The issue when choosing Doppler modality in a rheumatological setting is the sensitivity for flow. The theoretical advantage of PD in sensitivity has disappeared in the newer high-end machines where the trend is that colour Doppler now is more sensitive than PD (fig 1). A satisfactory explanation for this has not been put forward.
In less expensive equipment, PD has the highest sensitivity. The choice between colour and PD depends on the equipment.
The machine should be set for maximum power output. A possible adverse effect of US in general and Doppler in particular is only an issue in prenatal US. In the following, the description of settings and artefacts apply to both colour and PD unless otherwise stated.

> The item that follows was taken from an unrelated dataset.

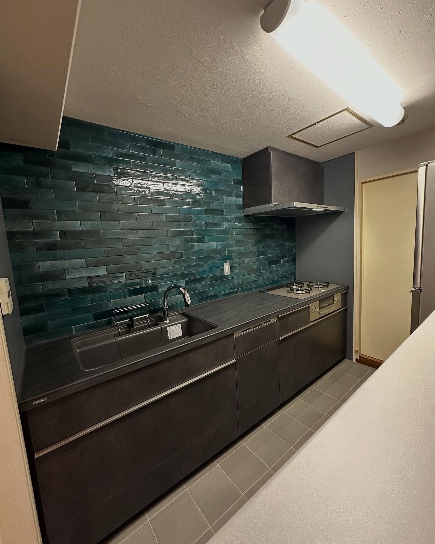 水回り全改装 キッチン交換・カップボード設置(LIXILリシェル) 深い海のような美しい名古屋モザイクタイル

The most important adjustable parameters are Doppler frequency, Doppler gain, PRF, colour priority, filter, focus, persistence, colour box position and size. Patient positioning and scanning technique further influence the quality of the Doppler examination.
A lower Doppler frequency will allow more penetration but also a more grainy Doppler image (larger colour pixels). Thus, higher Doppler frequency gives a more detailed image of the vessels but at the expense of penetration.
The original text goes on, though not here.